An hour ago I woke up from a nightmare in which we (whoever “we” is) were on a road trip somewhere in a camper, stopped for a picnic in a park, let the cats out, and Aki got mauled by a bear.

But wait, it gets better! The bear, an adolescent cub really, took him in both its front paws and twisted him a bit — something I doubt a bear would be able to do. I remember thinking that there were no sickening breaking sounds, and that this meant there was hope. I somehow wrested him from the bear, and he was lying in my arms belly up, eyes wide like Puss in Boots’, staring at me. I was asking some dog-walking jogger ladies where the nearest animal hospital was, feeling very vivid shock, when I woke up to Aki on my belly, purring sleepily as he had been doing for hours.

He never lies on my belly for hours; I’m usually too tossy-turny. But he did, and I was still enough for his highness, and I think this was my first nightmare ever about him.

I’m glad that nightmares aren’t a regular occurrence, because man, they sure are intense when they happen.

Of course, now I want to go on a road trip with the cats. But the idea of a gas-guzzling camper has always bothered me, and who knows how they’d do in a Honda Fit?

biding time

Sunday, January 6th, 2008

It seems that lately most of what I do is bide my time, waiting for events to happen that are almost entirely out of my control, holding it (what’s “it”?) together with duct tape in the meantime. Life’s on hold, and that’s a dangerous combination with unemployment: too many hours in which to think. So I’ve been learning Flash, reading the books I can concentrate enough to read (surprisingly few), plotting home improvement projects, executing personal improvement projects. I have exhausted my supply of TV-on-DVD-and-internets, and that’s probably a good thing. I’ve been sleeping more than usual, which has enabled thinking for hours with my eyes closed without falling asleep. Neat trick.

An evening in the company of powerful and warm people sure helped! The tasty cheese and homemade baklava didn’t hurt, either. For the first time in days, my head is clear and my heart at peace. Tomorrow… will come tomorrow. Tonight I enjoy the quiet.

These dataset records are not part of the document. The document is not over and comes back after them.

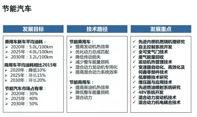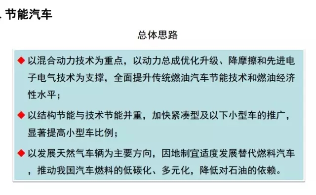 節(jié)能汽車方面總體思路是以混合動(dòng)力為重點(diǎn),以動(dòng)力總成升級(jí),先進(jìn)電子電器為支撐,全面提升傳統(tǒng)燃油車節(jié)能技術(shù)和燃油經(jīng)濟(jì)水平。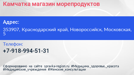 Камчатка, магазин морепродуктов по адресу 353907, Краснодарский край, Новороссийск, Московская, 5 в дальнейшем Организация, размещена в следующих категориях: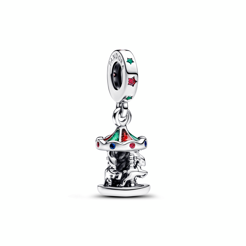 Moveable carousel sterling silver dangle with glittery red and green enamel. red cubic zirconia. green and blue crystal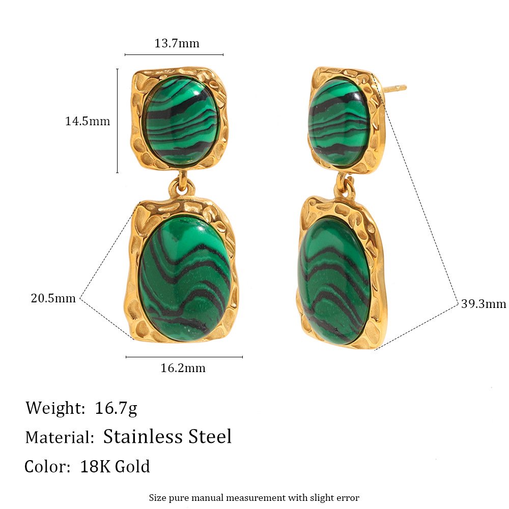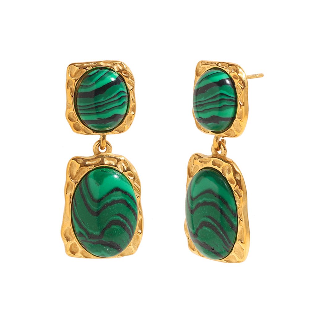 European and American cross-border hot-selling vintage, exaggerated, niche fashion earrings, 18K gold-plated stainless steel malachite pendant earrings
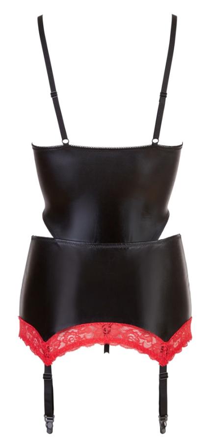 Two sexy pieces of clothing that also look great when worn together! This body is extremely hot: the breasts can be revealed in the blink of an eye, thanks to the snap hooks and it is invitingly open in the crotch area as well… The opaque cups and the saucy skirt with suspender straps that hold up sexy stockings make this sophisticated duo the perfect club outfit for those who are brave enough to show off what they’ve got!Shiny black wetlook with red lace. With adjustable bra and suspender straps. 92% polyester, 8% elastane. Without stockings.

The cats have been sleeping on the bed more. This is a clear win.

gaimanesque

Thursday, January 3rd, 2008

These wishes from Neil Gaiman’s journal have been going around:

May your coming year be filled with magic and dreams and good madness. I hope you read some fine books and kiss someone who thinks you’re wonderful, and don’t forget to make some art — write or draw or build or sing or live as only you can. And I hope, somewhere in the next year, you surprise yourself.

All of that would be nice. So far, I’ve surprised myself.